US conglomerate General Electric has confirmed it will build an offshore wind blade manufacturing facility in Teesside — creating 750 jobs — after the area was named as one of eight low-tax free ports in last week’s Budget.
The factory is expected to open in 2023 to supply the Dogger Bank offshore wind project 130km off the Yorkshire coast, which will become the world’s biggest scheme of its kind when completed in 2026
Confirmation of GE’s plans, first reported by the FT in November, is the first big investment in offshore turbine-making in the UK for five years and comes as a big boost to Boris Johnson’s environmental agenda.
The British prime minister has pledged to attract £20bn of investment in offshore wind by 2030 as his government seeks to quadruple capacity to 40 gigawatts as part of its promise to create green jobs.
While the UK has the world’s biggest offshore wind market, just 29 per cent of the capital expenditure, which accounts for the lion’s share of overall spend on these projects, goes to British suppliers.
But the choice of Teesside will leave other areas of the UK, including Humberside and Scotland that had sought to woo GE, disappointed. Questions around how Scotland in particular can capture more offshore wind work have intensified after BiFab, a producer of giant foundations for offshore turbines, collapsed into administration last year although two of the company’s yards have since been rescued.

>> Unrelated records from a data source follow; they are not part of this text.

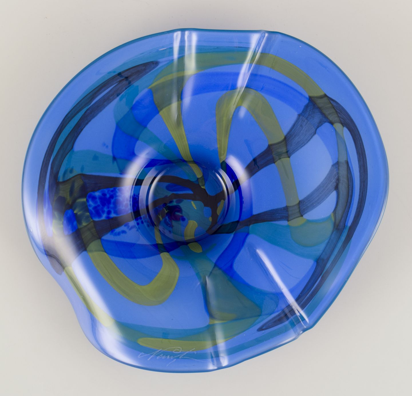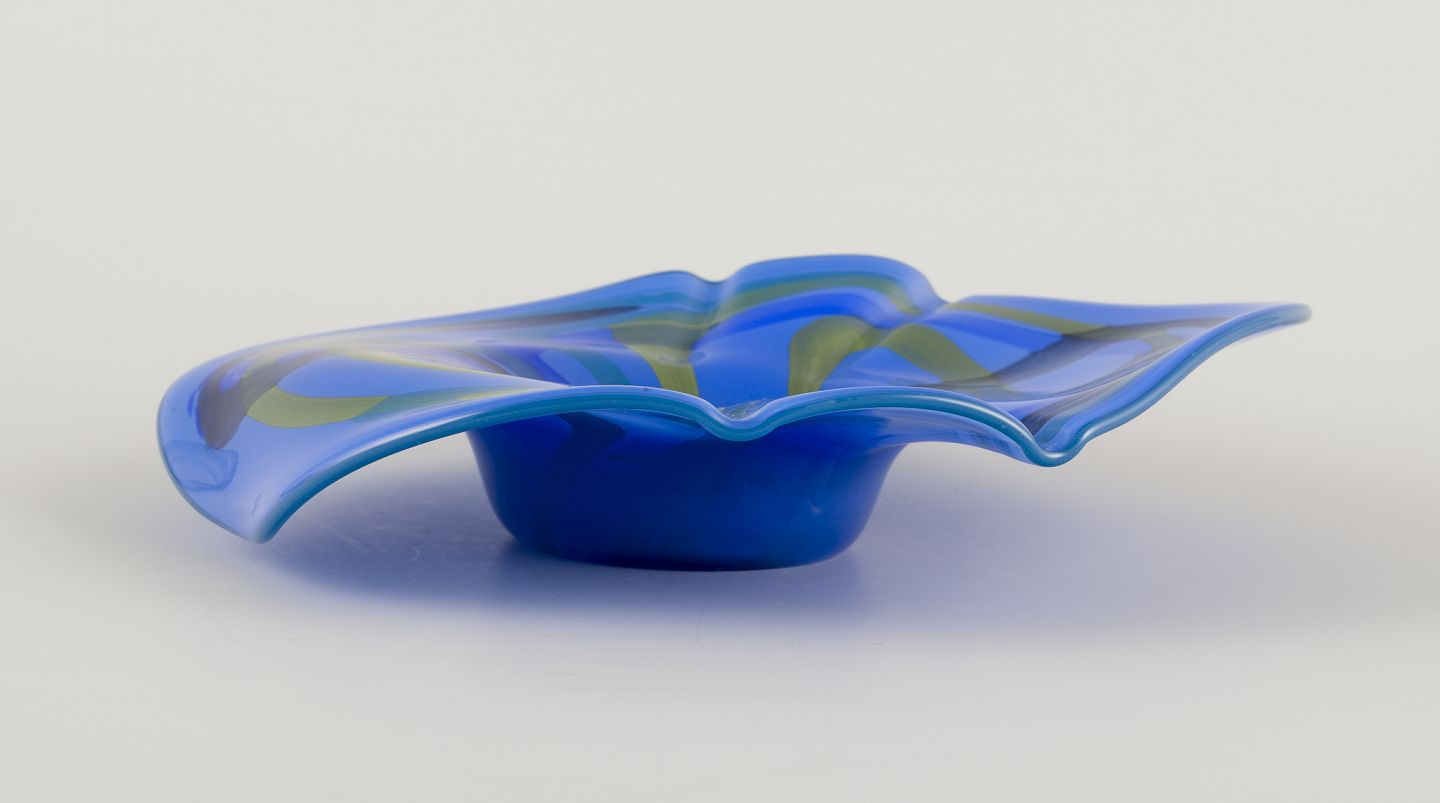 Tjekkisk glaskunstner. Skål i kunstglas. Organisk form. Mundblæst. Polykrom dekoration. Sent 1900-tallet. Perfekt stand. Signeret. Mål: D 24,0 cm. x H 6,0 cm.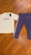 New women’s Adidas Sz M Cream Graphic Tee and Purple Leggings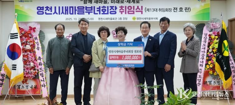 코리아타임뉴스 노승선 기자 | 영천시는 21일 새마을부녀회가 새마을회관 3층 강당에서 전호란 신임 회장 취임식을 개최하며 새로운 출발을 알렸다고 밝혔다.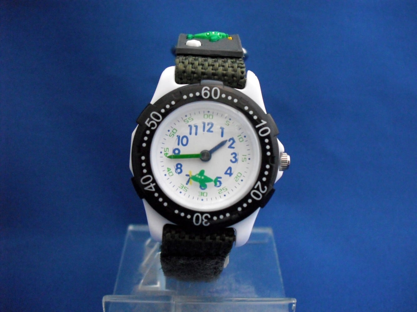 イラスト入りのディスク秒針が回るキッズウオッチ

Possible new jobs as a result of government funding to build green energy facilities on Teesside and at Immingham
The government said GE had selected Teesside in part because of its new free port status alongside £20m in state funding to create the Teesworks Offshore Manufacturing Centre next to the port, where the blade-making plant will be built.
The port upgrade was one of two announced for the east coast of England on Wednesday. Another £75m will help fund the construction of the Able Marine Energy Park at Immingham on the river Humber. The two investments could create up to 6,000 jobs.
But despite the boost provided by the GE announcement, Johnson is facing criticism from environmentalists on several fronts.
On Wednesday, green campaigners accused the UK government of failing to deliver on its pledge for a “green Brexit”, calling into question the government’s commitment to maintaining EU-level environmental standards in the future.
A coalition of 12 leading environmental groups including WWF, Friends of the Earth and the Marine Conservation Society, warned that the government’s landmark Environment Bill could “erode vital safeguards” for people, plants and animals.
Their intervention came in response to the launch of a government consultation around “five principles” that would underpin future government policy following the UK’s departure from the EU.
The work fronted by environment secretary George Eustice is designed to develop a draft policy on how to apply the five tenets, including “polluter pays” and the so-called “precautionary” principle that takes a “better safe than sorry” approach to regulating environmental impacts.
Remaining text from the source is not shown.